*Dataset records:*
__________

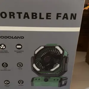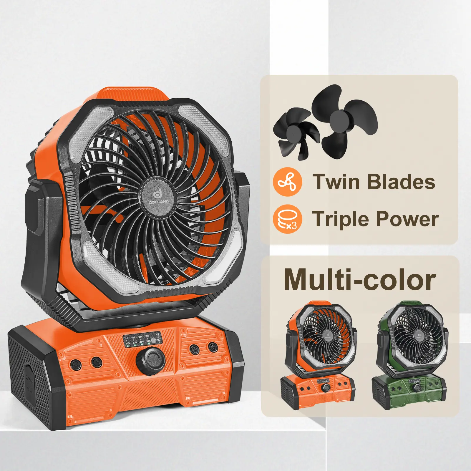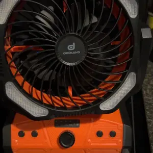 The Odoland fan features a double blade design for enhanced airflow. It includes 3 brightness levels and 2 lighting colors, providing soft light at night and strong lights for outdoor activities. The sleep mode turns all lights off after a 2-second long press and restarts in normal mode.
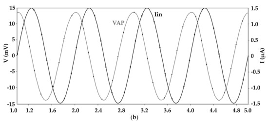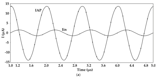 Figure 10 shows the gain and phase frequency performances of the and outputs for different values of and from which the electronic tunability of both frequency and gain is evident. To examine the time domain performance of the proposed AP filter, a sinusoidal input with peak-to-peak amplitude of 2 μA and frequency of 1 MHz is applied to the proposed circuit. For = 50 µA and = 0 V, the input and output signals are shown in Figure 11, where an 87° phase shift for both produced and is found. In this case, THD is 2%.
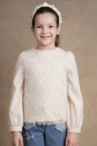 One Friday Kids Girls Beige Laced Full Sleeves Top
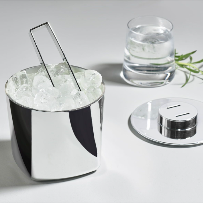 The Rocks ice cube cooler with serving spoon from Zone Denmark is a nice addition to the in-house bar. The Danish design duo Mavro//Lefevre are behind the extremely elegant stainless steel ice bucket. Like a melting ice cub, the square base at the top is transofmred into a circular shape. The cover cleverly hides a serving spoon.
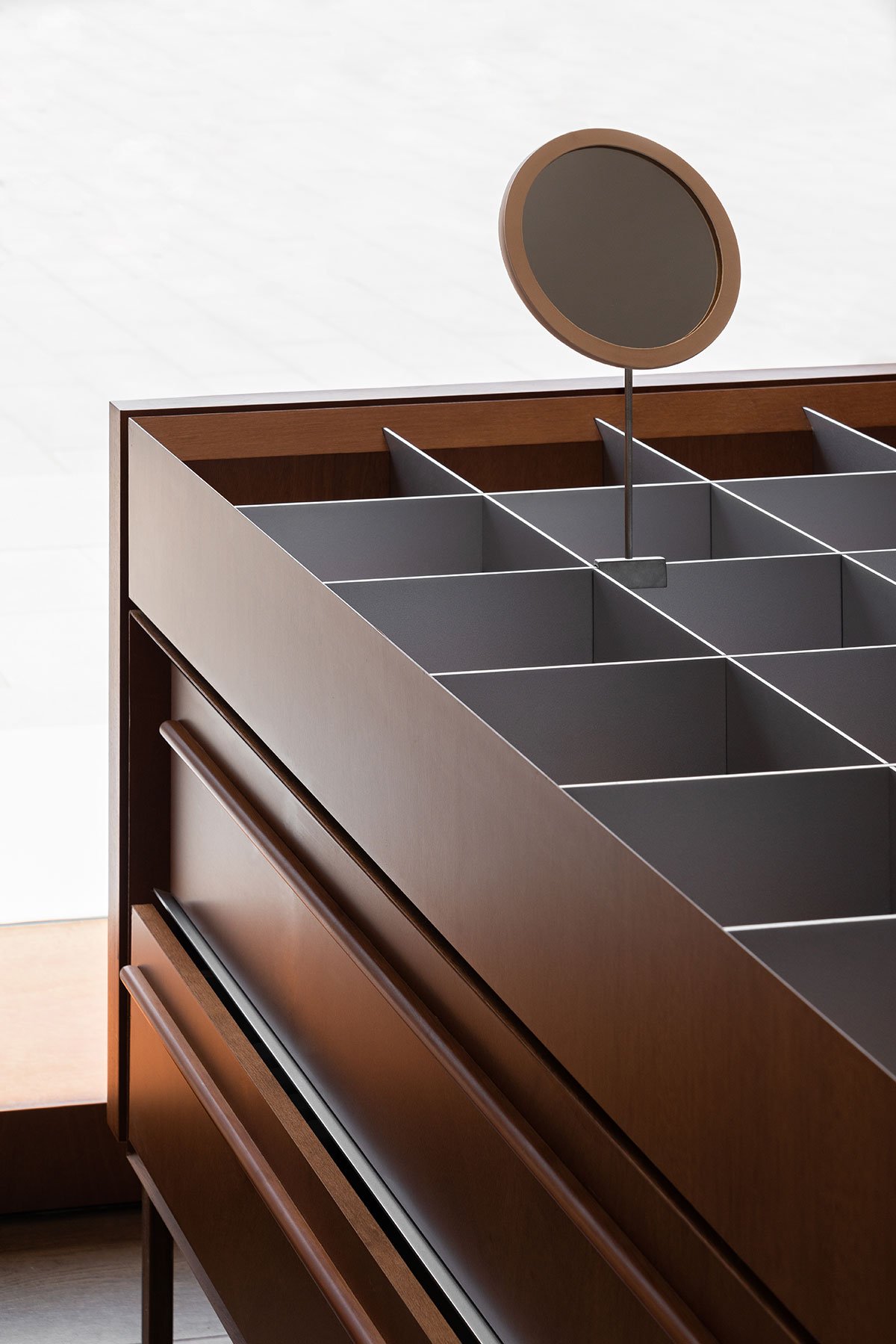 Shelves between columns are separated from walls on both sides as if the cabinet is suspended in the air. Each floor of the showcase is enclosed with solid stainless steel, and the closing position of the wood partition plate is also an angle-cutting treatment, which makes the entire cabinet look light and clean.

__________

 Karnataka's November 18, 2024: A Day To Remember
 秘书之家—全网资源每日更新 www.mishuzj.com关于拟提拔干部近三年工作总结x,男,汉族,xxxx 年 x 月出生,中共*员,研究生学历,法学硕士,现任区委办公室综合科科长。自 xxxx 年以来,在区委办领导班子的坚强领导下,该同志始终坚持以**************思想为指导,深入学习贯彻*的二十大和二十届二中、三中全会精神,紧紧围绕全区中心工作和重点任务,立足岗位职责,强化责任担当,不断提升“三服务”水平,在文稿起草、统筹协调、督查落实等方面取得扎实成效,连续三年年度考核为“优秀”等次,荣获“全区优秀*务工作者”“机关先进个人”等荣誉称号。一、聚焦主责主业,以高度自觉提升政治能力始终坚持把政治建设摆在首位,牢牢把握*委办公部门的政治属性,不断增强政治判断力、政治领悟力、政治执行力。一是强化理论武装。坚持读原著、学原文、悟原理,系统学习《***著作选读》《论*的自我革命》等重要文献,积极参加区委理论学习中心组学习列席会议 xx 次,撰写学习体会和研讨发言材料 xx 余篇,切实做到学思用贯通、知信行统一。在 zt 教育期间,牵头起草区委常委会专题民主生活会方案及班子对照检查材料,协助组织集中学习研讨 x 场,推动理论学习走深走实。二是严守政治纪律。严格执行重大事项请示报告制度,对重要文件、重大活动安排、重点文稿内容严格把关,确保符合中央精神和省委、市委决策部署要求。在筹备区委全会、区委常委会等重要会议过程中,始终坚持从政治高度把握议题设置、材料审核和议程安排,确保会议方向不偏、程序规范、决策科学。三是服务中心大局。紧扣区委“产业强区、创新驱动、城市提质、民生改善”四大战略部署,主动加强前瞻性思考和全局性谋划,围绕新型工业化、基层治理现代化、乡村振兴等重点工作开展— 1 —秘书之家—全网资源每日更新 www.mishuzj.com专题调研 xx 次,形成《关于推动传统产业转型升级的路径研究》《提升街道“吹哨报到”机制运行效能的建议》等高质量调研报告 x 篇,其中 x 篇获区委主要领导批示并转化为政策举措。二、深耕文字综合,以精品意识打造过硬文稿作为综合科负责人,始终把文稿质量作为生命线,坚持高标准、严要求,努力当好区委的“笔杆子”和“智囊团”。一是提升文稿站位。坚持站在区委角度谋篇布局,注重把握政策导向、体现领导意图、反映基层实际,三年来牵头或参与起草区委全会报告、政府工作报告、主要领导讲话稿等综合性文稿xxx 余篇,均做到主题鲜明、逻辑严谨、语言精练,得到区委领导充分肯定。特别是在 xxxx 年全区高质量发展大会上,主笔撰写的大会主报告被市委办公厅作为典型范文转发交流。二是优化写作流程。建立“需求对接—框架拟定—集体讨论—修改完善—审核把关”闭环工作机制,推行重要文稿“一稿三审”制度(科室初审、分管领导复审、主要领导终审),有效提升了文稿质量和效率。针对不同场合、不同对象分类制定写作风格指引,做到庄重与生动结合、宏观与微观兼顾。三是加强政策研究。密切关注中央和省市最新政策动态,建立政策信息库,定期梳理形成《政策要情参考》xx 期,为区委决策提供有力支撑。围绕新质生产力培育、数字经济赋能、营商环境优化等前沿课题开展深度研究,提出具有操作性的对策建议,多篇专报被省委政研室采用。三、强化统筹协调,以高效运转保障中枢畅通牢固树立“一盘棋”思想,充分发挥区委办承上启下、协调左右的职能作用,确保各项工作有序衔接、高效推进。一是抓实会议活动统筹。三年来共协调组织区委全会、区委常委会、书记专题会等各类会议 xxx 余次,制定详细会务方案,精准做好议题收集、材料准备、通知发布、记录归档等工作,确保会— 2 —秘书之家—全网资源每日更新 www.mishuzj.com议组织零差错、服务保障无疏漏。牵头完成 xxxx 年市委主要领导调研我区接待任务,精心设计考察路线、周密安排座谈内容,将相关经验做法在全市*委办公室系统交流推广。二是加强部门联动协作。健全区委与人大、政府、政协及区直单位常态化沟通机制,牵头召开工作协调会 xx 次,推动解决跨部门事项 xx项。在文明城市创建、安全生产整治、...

__________

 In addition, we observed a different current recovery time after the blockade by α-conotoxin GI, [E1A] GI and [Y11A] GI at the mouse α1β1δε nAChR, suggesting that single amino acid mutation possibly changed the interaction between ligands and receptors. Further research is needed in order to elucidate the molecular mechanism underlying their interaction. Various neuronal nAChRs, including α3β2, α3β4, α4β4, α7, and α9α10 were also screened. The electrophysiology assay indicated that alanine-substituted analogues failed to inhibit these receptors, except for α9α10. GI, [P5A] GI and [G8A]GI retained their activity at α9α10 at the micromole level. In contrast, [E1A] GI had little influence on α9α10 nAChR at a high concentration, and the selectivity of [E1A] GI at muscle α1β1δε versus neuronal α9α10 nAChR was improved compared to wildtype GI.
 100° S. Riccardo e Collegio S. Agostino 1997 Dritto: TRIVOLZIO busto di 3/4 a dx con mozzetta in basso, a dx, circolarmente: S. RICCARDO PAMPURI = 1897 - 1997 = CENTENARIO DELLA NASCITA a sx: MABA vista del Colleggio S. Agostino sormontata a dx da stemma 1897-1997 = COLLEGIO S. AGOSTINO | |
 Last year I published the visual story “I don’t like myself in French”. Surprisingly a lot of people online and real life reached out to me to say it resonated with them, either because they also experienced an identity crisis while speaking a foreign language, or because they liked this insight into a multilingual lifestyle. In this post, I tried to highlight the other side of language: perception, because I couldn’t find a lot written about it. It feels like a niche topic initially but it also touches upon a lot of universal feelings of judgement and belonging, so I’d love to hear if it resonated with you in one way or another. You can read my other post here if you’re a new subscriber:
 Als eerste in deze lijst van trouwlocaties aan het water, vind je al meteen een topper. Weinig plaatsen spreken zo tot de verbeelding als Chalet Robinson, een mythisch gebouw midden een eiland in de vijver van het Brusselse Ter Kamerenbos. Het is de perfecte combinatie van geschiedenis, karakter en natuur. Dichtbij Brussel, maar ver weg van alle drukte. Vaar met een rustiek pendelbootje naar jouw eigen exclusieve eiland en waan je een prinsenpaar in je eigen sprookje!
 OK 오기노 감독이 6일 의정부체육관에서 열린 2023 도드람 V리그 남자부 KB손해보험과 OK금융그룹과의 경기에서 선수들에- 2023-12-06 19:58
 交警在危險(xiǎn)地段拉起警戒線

__________

Exactly as written above, retype the lines starting at the one holding "The Rocks ice" and ending at the one holding "Shelves between columns", both included, but not the pictures.

 The Rocks ice cube cooler with serving spoon from Zone Denmark is a nice addition to the in-house bar. The Danish design duo Mavro//Lefevre are behind the extremely elegant stainless steel ice bucket. Like a melting ice cub, the square base at the top is transofmred into a circular shape. The cover cleverly hides a serving spoon.
 Shelves between columns are separated from walls on both sides as if the cabinet is suspended in the air. Each floor of the showcase is enclosed with solid stainless steel, and the closing position of the wood partition plate is also an angle-cutting treatment, which makes the entire cabinet look light and clean.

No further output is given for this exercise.